1) First, even though a drug may show efficacy over the short term in alleviating a certain symptom (say having a small advantage over placebo in treating depression), over the long-term you generally see the target symptom actually ending up worse in the drug-treated patients than in the placebo patients. You see this in trials of antidepressants, antianxiety drugs, & in antipsychotic drugs.
2) The drugs do not balance brain chemistry. They create perturbations in normal chemistry (which is how Steve Hyman, former director of the NIMH, described their mechanisms of action. Thus, the drugs do create an abnormality in neurotransmitter function in the brain, and thus you could expect them to cause problems over the long term.
3) You see that some people who are treated for a milder disorder (anxiety or depression) will suffer a marked worsening in response to the drug (say a psychotic or manic reaction), and thus move on to a more severe disorder like bipolar. And you see this effect in the skyrocketing number of bipolar diagnoses.

ONE OF THE INTERESTING THINGS about the follow-up to Mad in America is that none of the information in the book was ever attacked as inaccurate. I had people say I selectively picked information (not the case), and people
attack me personally, but no-one said I had misquoted or misattributed a single fact.

...A COUPLE OF RECENT THINGS of interest. First, I was invited to write an article for a medical journal called Medical Hypothesis on the history of neuroleptics (you can pull it down from psychrights.org), and that article led to a summary of the information in it in the British Medical Journal. This was mainstream medicine opening up to this body of evidence just a bit, and I was pleasantly surprised by that.

I HAVE ADDRESSED A NUMBER of groups over the past 2.5 years, and been on a few panels, and two things of note. One, I think there is increasing recognition that our current paradigm of care is a failure, and change of some sort is needed.

Second, Jim Gottstein of psychrights.org in Alaska, brought me up twice to speak to mental health groups there, and he is now in the process of getting approval for an experimental home modeled on Loren Mosher's Soteria House. So that's a real beacon of hope for change....
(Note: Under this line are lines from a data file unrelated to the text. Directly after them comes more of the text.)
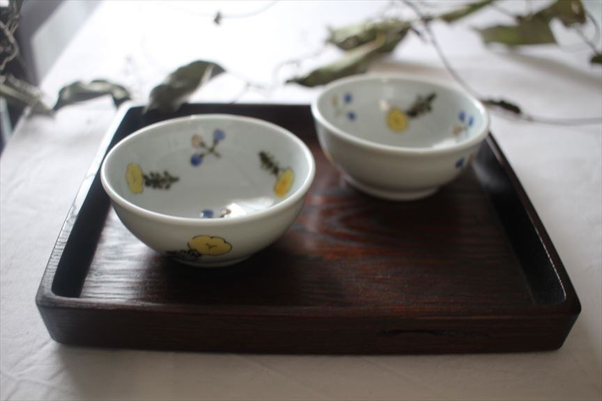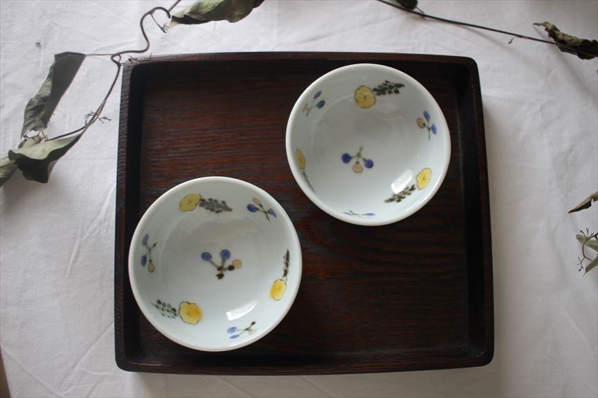 清水なお子|色絵 (鉄)草花散らし豆鉢
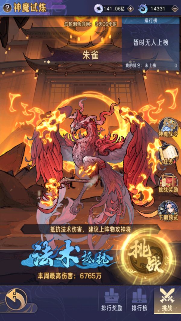 每周1/3/5会开启物免试炼,每周2/4/6则是另外的魔免试炼,每周日进行极限试炼;小貔貅这里提醒大家一句,要记得上阵对应伤害类型的神将才能对首领造成伤害噢!
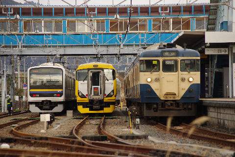 寒いっ三連休は関東南部でも雪が降るそうだね内房線で 快速おいでよ房総物語号 が走る予定だというのに観光客が一足早い春を楽しみにわざわざ房総まで来て雪に降られたら気の毒だわせっかく SLばんえつ物語号のレトロ客車が房総まで出張してきてくれるんだしおだやかな天気になるといいんだけど安房鴨川駅内房線ホームで出発を待つ113系とお昼寝中の209系&特急わかしお113系113編成この写真撮ってるあいだも足や手の先が冷えきって辛かったブルブル

I hope this gives us something to talk about..."
 

Re: Author Robert Whitaker Interview on FRSC Next Sunday

I agree with three main precepts: Psychiatry kills,Psychiatrists need to turn their paitients over to spiritual mediary treatments,pharmachetical co.s need to be monitored by a watch agency re: business ethics and connections to medical professionals
 

Re: Author Robert Whitaker Interview on FRSC Next Sunday

Mad in America is the most important book on the subject.

Robert Whitaker's voice is sane-ness itself.

Thank you for both.

Might he do an expose of the New Freedom Commission? It seems to work backward through Mad in America, identifying the things NOT to do.

That such a book is/might be forthcoming would help with the movement to expose NFC, eugenics, human research and all.